Although they are not inductees of the Hall itself, Abbott and Costello are among the few non-baseball personnel to be memorialized in the Baseball Hall of Fame. A plaque and a gold record of the "Who's on First?" sketch have been on permanent display there since 1956, and the routine runs on an endless video loop in the exhibit area.

Their "Who's on First?" routine has been referred to numerous times. In the 1988 movie Rain Man, Dustin Hoffman's autistic character Raymond Babbitt recites an affectless "Who's on First?" as a defence mechanism. In 1982, Tonight Show host Johnny Carson performed a topical sketch as then-President Ronald Reagan in which "Who's on First?"-style confusion arose from the names of Interior Secretary James Watt, Palestinian leader Yassir Arafat and Chinese leader Hu Yaobang.

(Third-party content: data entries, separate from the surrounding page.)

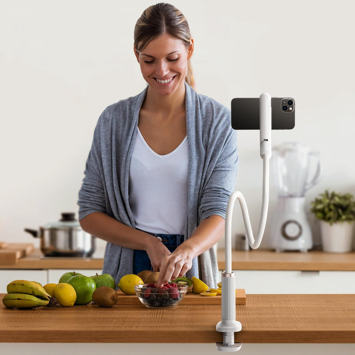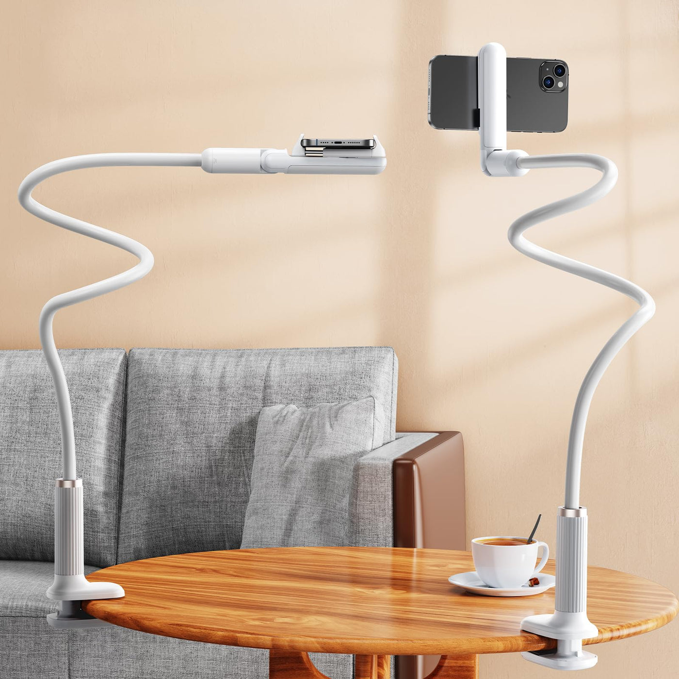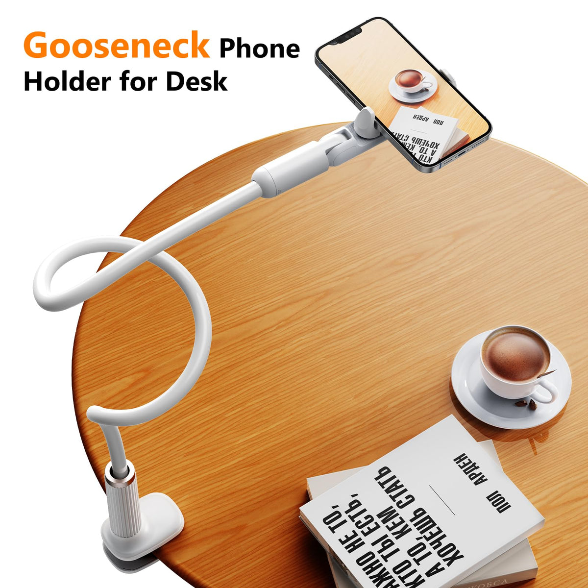 Nediea Phone Holder For Bed, Gooseneck Cell Phone Stand With Clamp Mount, 900Rotation Overhead Lazy Bracket With Flexible Long Arm, Compatible With 4.7-7 Inches Cellphone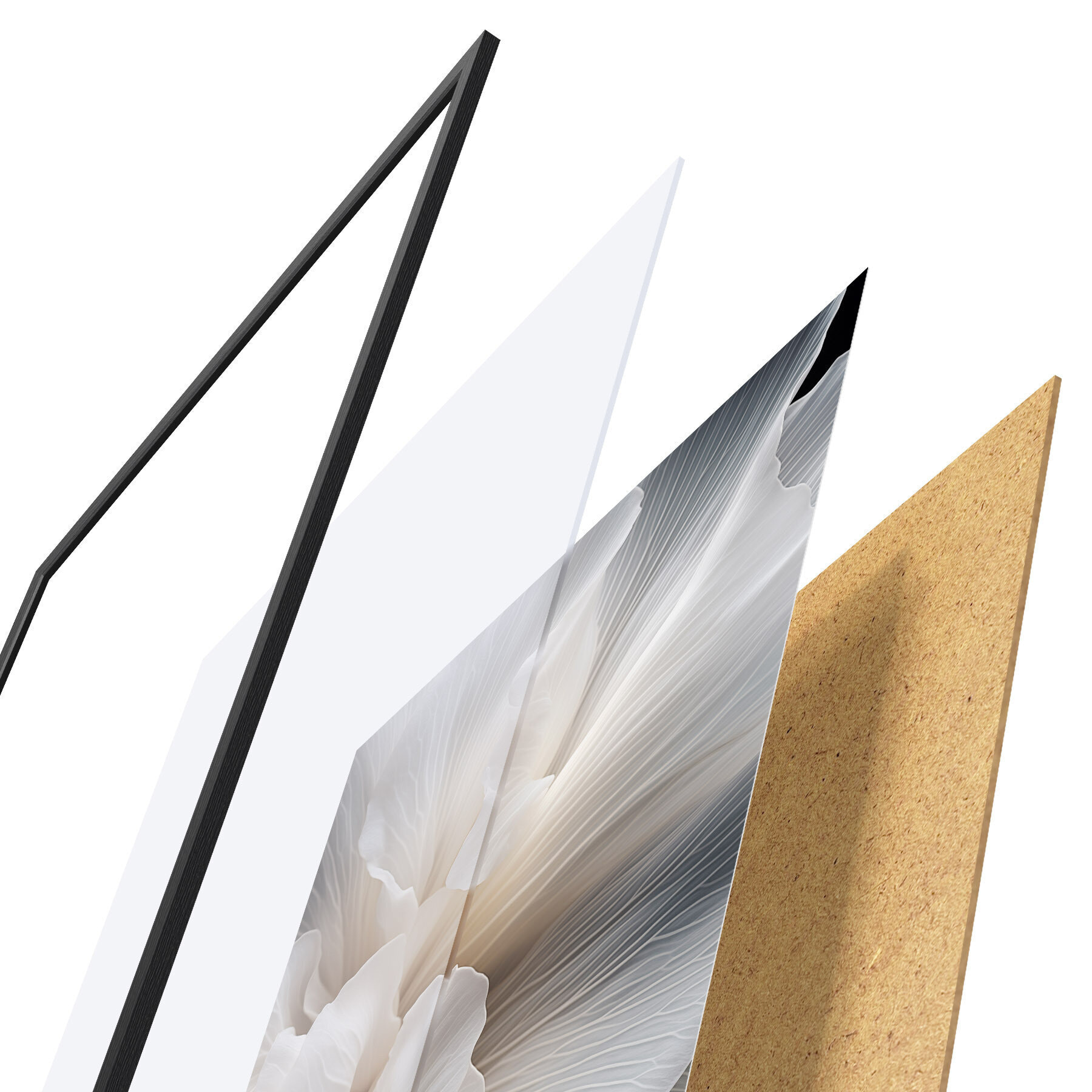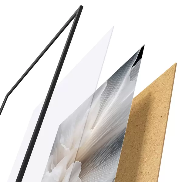 Plakatą sudaro rėmas, pleksiklas, atspausdintas vaizdas ir medžio drožlių plokštės pagrindas. Plakatą galima iš karto pakabinti ant sienos dėl kitoje pusėje esančių laikiklių.
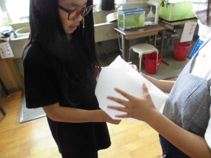 空気を袋で閉じ込めておしてみると、手ごたえがどうか調べました。思っていたより硬かったので驚いていました。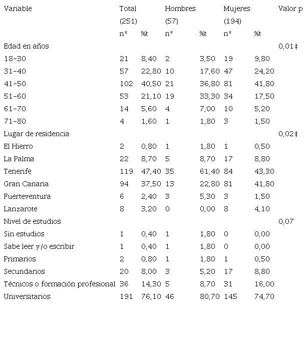 En el total de participantes, la media de edad fue de 45,09 años ±10,38, el 56,90% (143) era residente de Santa Cruz de Tenerife y el 43,10% (108) era residente de Las Palmas. Entretanto, el promedio de edad para los hombres (n=57) fue de 47,70 años ±10,07, para las mujeres (n=194) fue de 44,32 años ±10,37. El 71,90% (41) de los hombres y el 72,70% (141) de las mujeres, se identificaron como trabajadores independientes. La mayoría refirió no padecer ninguna enfermedad física, 89,50% de los hombres (51) y 85,60% de las mujeres (166); tampoco enfermedad mental, 96,50% (55) y 97,40% (189) correspondientemente. Otras características sociodemográficas se pueden consultar en la Tabla 1.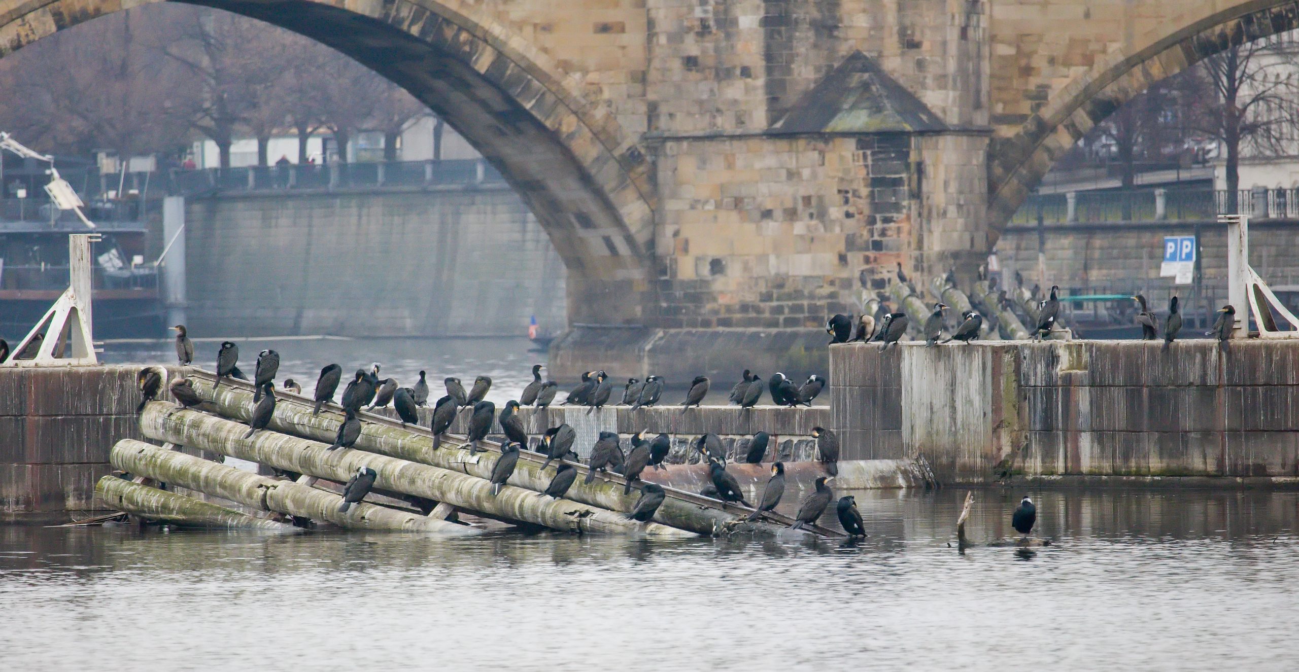 Objektivům fotografů zapózovali i kormoráni velcí. Nezamrzající úseky řek pro ně v zimě představují klíčový zdroj potravy. Foto: P. Martínek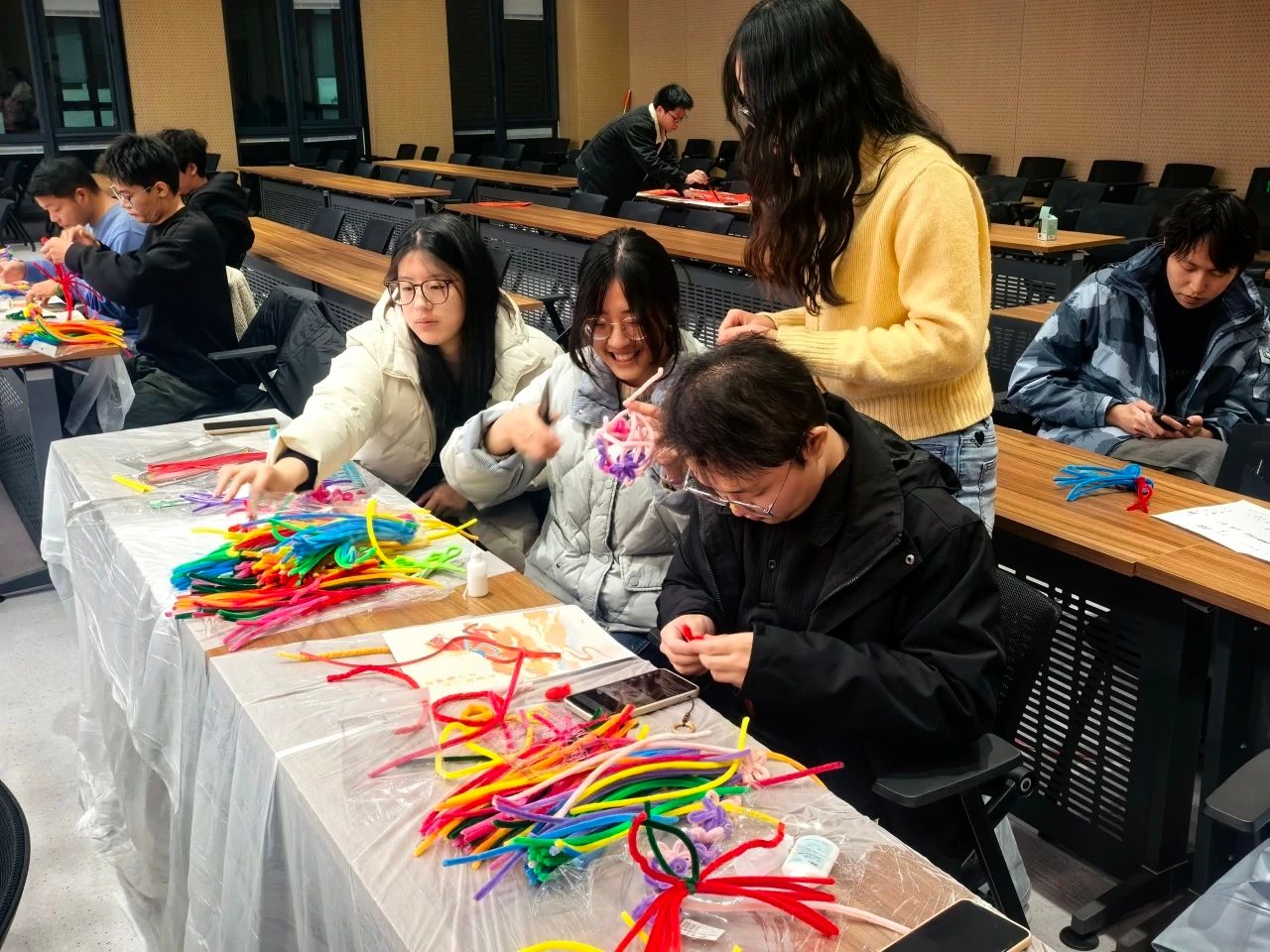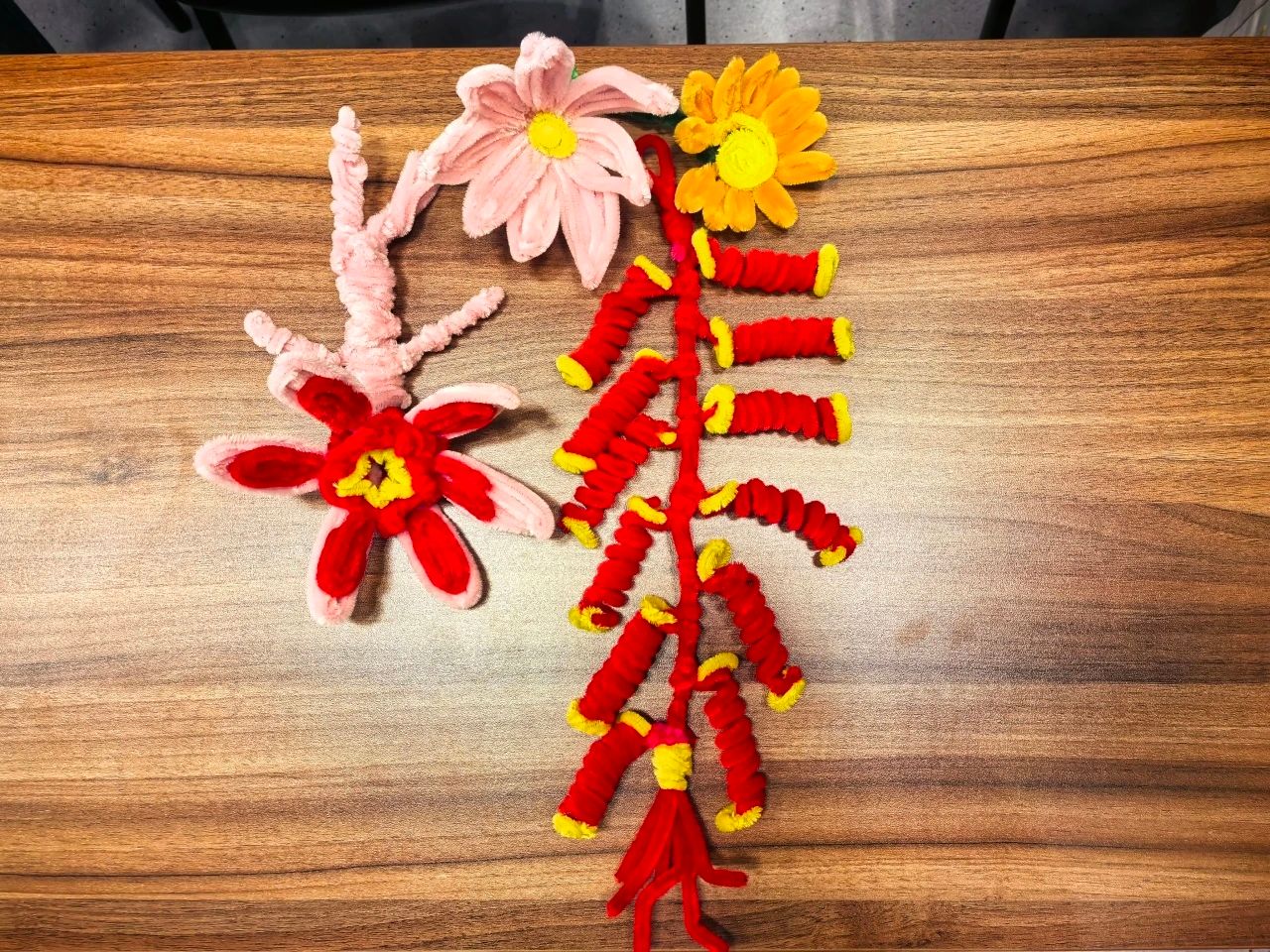 扭扭棒DIY现场创意十足,同学们用色彩斑斓的扭扭棒,经弯折、缠绕、拼接,制作出鞭炮、花朵、小马等各具特色的新年饰品,在动手实践中感受手工创作的乐趣。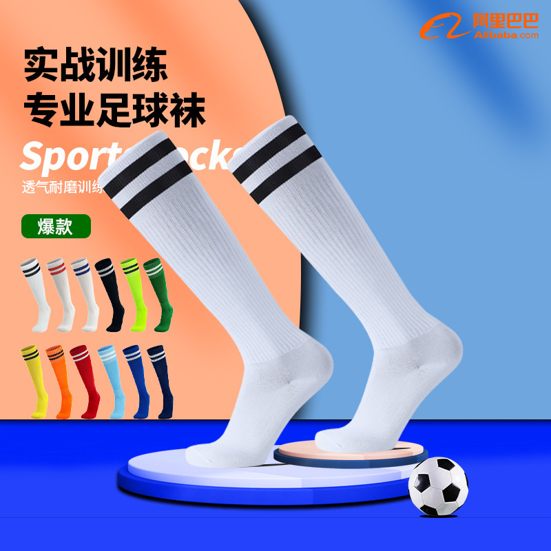 クロスボーダー成人児童純色サッカー靴下タオル底膝ストッキング学生スポーツ靴下Socks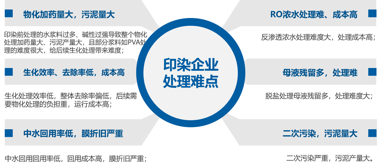 印染廢水普遍具有水量大、水質(zhì)成分復雜、堿性強、COD濃度高、色度高的特點,而且國家對印染行業(yè)的排量控制趨嚴甚至部分省份提出了控鹽排放的要求。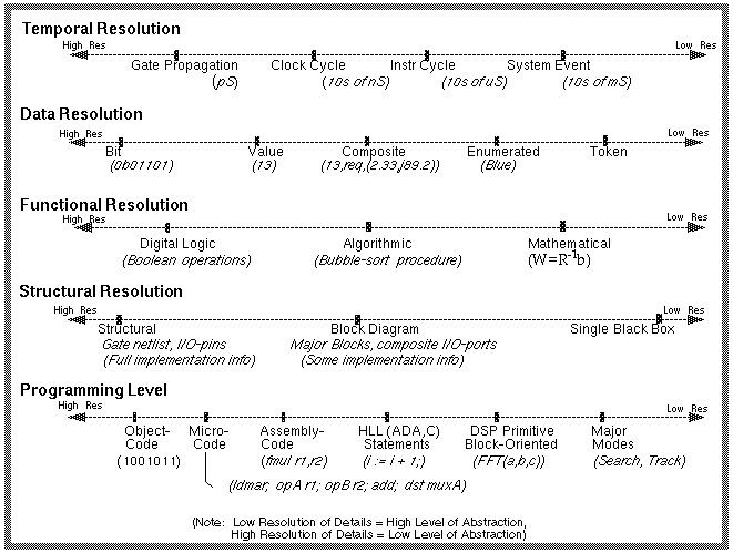 as: abstraction levels, system levels, hardware levels, software levels, structural hierarchy levels, and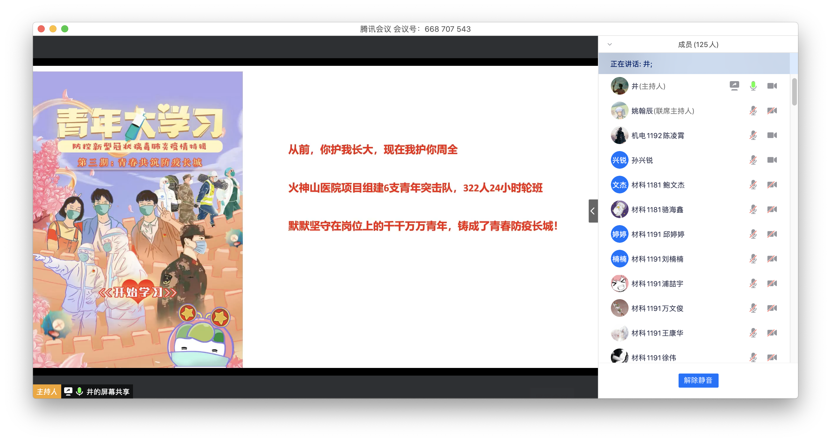 51日晚700,williamhill英国在腾讯会议APP开展“绽放战疫青春 坚定制度自信”主题信仰公开课,暨第二十四期团课培训第五讲《坚定制度自信 彰显青年担当》。本次培训会主讲人为团委副书记郭巧会2018级与2019级学生共123人参加了此次团课。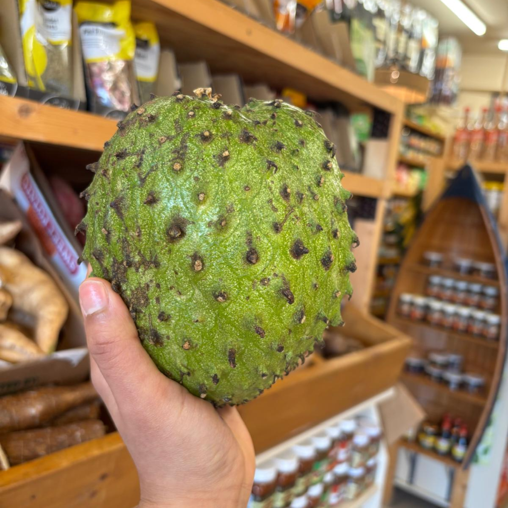 Soursop, also known as Graviola, is a spiky green fruit with a custard-like interior. Its sweet and tangy taste makes it a favourite for juices, smoothies, and desserts throughout the Caribbean. Beyond its delicious flavour, soursop is also believed to have potential health benefits, including antioxidant properties and immune system support.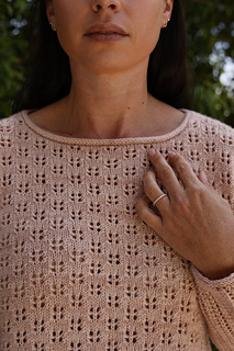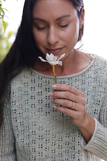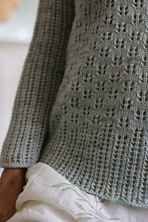 This pullover is my homage to these beautiful marshes and the grass that borders the creek pathway. It starts with a simple eyelet lace stitch pattern at the hem that evokes the tall marsh grass and transitions to a more delicate lace pattern that represents how the grass eases into the sky and the clouds floating above.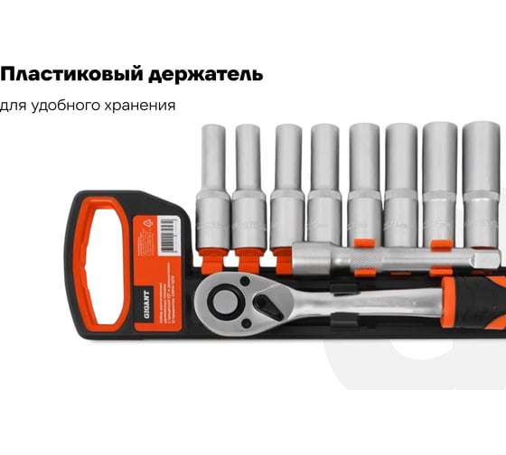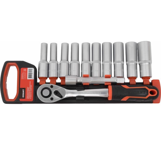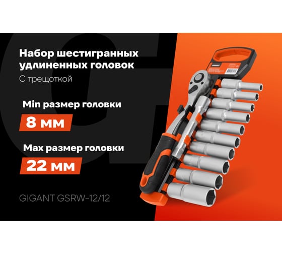 Набор шестигранных удлиненных головок Gigant с трещоткой 1/2" и удлинителем, 12 предметов GSRW-12/12

The comedy group The Credibility Gap performed a rock and roll update of "Who's on First?" using the names of rock groups The Who, The Guess Who, and Yes, recorded and released on their first album, The Bronze Age of Radio. On the January 13, 2001, episode of Saturday Night Live host Charlie Sheen and SNL cast-member Rachel Dratch performed a modified version of "Who's on First?" in a sketch. NBC's Studio 60 on the Sunset Strip (2006), a drama about life backstage at a television comedy series, used "Who's on First?" as a plot device.

A TV movie called Bud and Lou, based on a book by Hollywood correspondent Bob Thomas, was broadcast in 1978. Starring Harvey Korman as Bud Abbott and Buddy Hackett as Lou Costello, the film told the duo's life story, focusing on Costello and portraying him as volatile and petty.

Jerry Seinfeld is an avid Abbott and Costello fan and their influence on him was celebrated in a 1994 NBC special, Abbott and Costello Meet Jerry Seinfeld. Seinfeld's TV series includes numerous references to the team. George Costanza's middle name is "Louis", after Costello. "The Old Man" (Season 4, Episode 18, aired February 18, 1993) featured a cantankerous old man named "Sid Fields" (played by veteran actor Bill Erwin) as a tribute to the landlord on the Abbott and Costello TV show. A friend of Kramer's is named Mickey Abbott. A copywriter for the J. Peterman catalog is named Eddie Sherman, after the team's longtime agent. In Episode 30, Kramer hears the famous Abbott and Costello line, "His father was a mudder. His mother was a mudder."

In 1991, the US Postal Service featured Abbott and Costello on a first-class stamp, part of a "Comedian Commemorative Issue", illustrated by Al Hirschfeld.

In 2003, Montclair State University dedicated a student residential complex named The Abbott and Costello Center on Clove Road in the Little Falls portion of the university's campus.

In Robin Hood: Men in Tights, a 1993 spoof comedy directed by Mel Brooks, Dick Van Patten played the part of the Abbot. At one point, a man who looked and sounded like Lou Costello (played by Chuck McCann) yelled "Hey, Abbott!", in exactly the same way Lou did in the Abbott and Costello movies, repeating a joke from Brooks' Robin Hood sitcom When Things Were Rotten in which Van Patten shouted the line. Van Patten responds, "I hate that guy!"

Abbott and Costello were inducted into the New Jersey Hall of Fame in 2009.

In 2015, a non-profit fan film was produced titled Abbott & Costello Meet Superman. The film was screened at the Superman Celebration Film Festival in Metropolis Illinois and is currently streaming on YouTube. Abbott and Costello are played by two actors from New York, Aaron M. Lambert and Jake Navatka.

In the 2016 sci-fi movie Arrival, the two Heptapods (alien beings) are named Abbott and Costello by the scientists, because the one named Abbott is taller and quieter while the one named Costello is shorter and chattier. The names also have extra-diegetic significance as two of the main themes in the movie are linguistics and (mis)communication, which mirrors themes of the "Who's on First?" routine.